For mWriterThreadId and mReaderActive this is not possible, as the waiting thread needs to insert itself when it was released.
So the rule is, that you may never access those two members except to check whether you are holding a read lock or are the current writer - specifically it may not be used to checker whether or not there are any readers / writers - for that you have to use the (somewhat redundant but necessary for this reason) mReaderActiveThreads and mWriterActive.
I'm currently running some test code (which has been going on deadlock- and crash-free for 30 minutes or so) - when I'm sure that it's stable and I've cleaned up the code somewhat I'll put it on some pastebin and add a link in a comment here (just in case someone else ever needs this).

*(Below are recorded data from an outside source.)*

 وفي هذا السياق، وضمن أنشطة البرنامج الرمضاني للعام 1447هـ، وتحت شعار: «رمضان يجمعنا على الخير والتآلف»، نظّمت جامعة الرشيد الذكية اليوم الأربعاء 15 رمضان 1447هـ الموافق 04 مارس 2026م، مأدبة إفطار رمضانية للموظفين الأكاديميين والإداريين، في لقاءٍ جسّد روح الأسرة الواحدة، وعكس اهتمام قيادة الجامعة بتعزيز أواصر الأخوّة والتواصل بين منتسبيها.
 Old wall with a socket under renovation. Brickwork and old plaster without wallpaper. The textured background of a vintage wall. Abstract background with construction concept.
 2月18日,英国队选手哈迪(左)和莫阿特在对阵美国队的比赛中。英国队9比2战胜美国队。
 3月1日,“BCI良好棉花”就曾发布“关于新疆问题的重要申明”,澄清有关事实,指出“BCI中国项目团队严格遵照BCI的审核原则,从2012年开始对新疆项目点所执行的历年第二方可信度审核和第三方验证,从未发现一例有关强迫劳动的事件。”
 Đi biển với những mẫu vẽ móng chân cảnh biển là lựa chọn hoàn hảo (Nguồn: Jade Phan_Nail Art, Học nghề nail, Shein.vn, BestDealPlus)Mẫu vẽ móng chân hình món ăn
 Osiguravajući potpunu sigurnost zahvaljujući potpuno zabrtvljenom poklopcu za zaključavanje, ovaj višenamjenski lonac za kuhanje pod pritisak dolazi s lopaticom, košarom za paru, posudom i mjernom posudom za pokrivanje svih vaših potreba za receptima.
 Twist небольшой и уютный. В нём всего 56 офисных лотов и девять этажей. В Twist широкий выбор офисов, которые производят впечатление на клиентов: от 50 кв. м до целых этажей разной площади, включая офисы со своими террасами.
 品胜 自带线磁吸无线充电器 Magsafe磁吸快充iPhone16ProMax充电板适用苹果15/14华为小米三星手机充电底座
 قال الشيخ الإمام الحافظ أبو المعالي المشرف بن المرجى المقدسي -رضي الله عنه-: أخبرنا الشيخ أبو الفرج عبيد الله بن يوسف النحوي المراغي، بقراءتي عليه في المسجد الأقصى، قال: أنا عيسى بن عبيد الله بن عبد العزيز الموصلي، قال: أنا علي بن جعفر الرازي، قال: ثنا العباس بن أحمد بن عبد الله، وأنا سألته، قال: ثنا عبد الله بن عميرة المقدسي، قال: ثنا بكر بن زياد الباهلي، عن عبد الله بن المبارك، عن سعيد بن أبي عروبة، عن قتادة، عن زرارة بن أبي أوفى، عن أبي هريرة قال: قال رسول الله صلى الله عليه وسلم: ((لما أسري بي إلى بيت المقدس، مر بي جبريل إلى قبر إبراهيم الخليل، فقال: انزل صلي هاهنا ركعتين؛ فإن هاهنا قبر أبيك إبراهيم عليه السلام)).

Well, I did some thinking. Starting from the simple "two semaphores and a critical section" one adds a writer lock count and a owning writer TID to the structure.
Unlock still set most of the new status in the critsec. Readers still normally increase the lock count - recursive locking simply adds a non-existing reader to the counter.
During writers lock() I compare the owning TID, and if the writer already own it the write lock counter is increased.
Setting the new writer TID can't be done by the unlock() - it doesn't know which one will be wakened, but if writers reset it back to zero in their unlock() it's not a problem - the current thread id won't ever be zero and setting it is an atomic operation.
All sounds simple enough - one nasty problem left: A recursive reader-reader lock while a writer is waiting will deadlock. And I don't know how to solve that short of doing a reader-biased lock... somehow I need to know whether or not I already own a reader lock.
Using TLS doesn't sound too great after I realized that the number if available slots might be rather limited...
As far as I understand, you need to provide your writer exclusive access to the data, while readers can operate simultaneously (if this is not what you want, please clarify your question).
I think you need to implement a sort of "inverse semaphore", i.e. a semaphore that will block a thread when positive, and signal all waiting threads when zero. If you do this, you can use two such semaphores for your program. The operation of your threads could then be the following:
Reader:
(1) wait on sem A
(2) increase sem B
(3) read operation
(4) decrease sem B
Writer:
(1) increase sem A
(2) wait on sem B
(3) write operation
(4) decrease sem A
In this way the writer will perform the write operation as soon as all pending readers have finished reading. As soon as your writer finishes, readers can resume their operation without blocking each other.
I am not familiar with Windows mutex/semaphore facilities but I can think of a way to implement such semaphores using the POSIX threads API (combining a mutex, a counter and a conditional variable).